◆ **TASK DIRECTIONS**
From the listing below, return each line that includes "This".
☆ ☆ ☆ ☆
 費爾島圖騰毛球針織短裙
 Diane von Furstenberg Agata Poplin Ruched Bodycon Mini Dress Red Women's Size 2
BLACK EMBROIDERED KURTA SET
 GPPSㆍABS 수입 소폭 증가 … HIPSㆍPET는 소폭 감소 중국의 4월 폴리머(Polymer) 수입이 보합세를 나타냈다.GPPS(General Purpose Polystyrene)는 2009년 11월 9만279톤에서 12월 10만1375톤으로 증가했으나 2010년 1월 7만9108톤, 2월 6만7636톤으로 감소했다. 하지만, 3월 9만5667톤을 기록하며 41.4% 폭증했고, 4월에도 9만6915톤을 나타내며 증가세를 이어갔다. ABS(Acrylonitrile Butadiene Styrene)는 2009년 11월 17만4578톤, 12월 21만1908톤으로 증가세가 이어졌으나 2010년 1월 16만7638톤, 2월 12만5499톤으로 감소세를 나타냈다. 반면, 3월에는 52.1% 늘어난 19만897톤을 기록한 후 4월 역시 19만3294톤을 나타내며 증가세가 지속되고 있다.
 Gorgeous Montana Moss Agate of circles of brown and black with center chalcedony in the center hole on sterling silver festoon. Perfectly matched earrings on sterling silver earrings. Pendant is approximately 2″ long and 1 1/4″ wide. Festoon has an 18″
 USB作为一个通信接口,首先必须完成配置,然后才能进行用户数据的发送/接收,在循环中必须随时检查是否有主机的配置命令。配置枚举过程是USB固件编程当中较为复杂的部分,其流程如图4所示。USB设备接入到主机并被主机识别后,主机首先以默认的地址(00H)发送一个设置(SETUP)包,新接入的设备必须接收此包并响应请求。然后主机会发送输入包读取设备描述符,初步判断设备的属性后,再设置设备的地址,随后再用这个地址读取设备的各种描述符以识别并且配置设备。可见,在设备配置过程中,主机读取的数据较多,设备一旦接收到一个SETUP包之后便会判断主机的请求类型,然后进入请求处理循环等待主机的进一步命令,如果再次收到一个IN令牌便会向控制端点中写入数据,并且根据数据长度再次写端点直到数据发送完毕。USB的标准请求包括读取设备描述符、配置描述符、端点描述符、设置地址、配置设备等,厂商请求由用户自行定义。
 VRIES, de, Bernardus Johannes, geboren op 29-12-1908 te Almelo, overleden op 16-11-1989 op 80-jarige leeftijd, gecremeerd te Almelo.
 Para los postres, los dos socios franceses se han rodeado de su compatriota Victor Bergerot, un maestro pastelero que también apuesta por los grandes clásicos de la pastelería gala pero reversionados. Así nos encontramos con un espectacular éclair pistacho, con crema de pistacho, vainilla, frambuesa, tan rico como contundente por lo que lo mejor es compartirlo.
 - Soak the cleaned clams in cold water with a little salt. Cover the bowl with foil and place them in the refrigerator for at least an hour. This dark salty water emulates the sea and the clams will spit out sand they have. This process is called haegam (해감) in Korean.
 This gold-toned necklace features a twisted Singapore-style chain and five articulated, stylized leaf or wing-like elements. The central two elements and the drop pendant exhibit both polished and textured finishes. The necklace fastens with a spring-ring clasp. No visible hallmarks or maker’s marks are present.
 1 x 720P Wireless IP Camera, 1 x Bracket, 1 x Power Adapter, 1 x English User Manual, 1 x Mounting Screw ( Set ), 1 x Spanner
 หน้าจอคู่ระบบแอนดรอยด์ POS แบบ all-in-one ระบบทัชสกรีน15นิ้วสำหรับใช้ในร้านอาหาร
☆ ☆ ☆ ☆
◆ **RESULT**
 - Soak the cleaned clams in cold water with a little salt. Cover the bowl with foil and place them in the refrigerator for at least an hour. This dark salty water emulates the sea and the clams will spit out sand they have. This process is called haegam (해감) in Korean.
 This gold-toned necklace features a twisted Singapore-style chain and five articulated, stylized leaf or wing-like elements. The central two elements and the drop pendant exhibit both polished and textured finishes. The necklace fastens with a spring-ring clasp. No visible hallmarks or maker’s marks are present.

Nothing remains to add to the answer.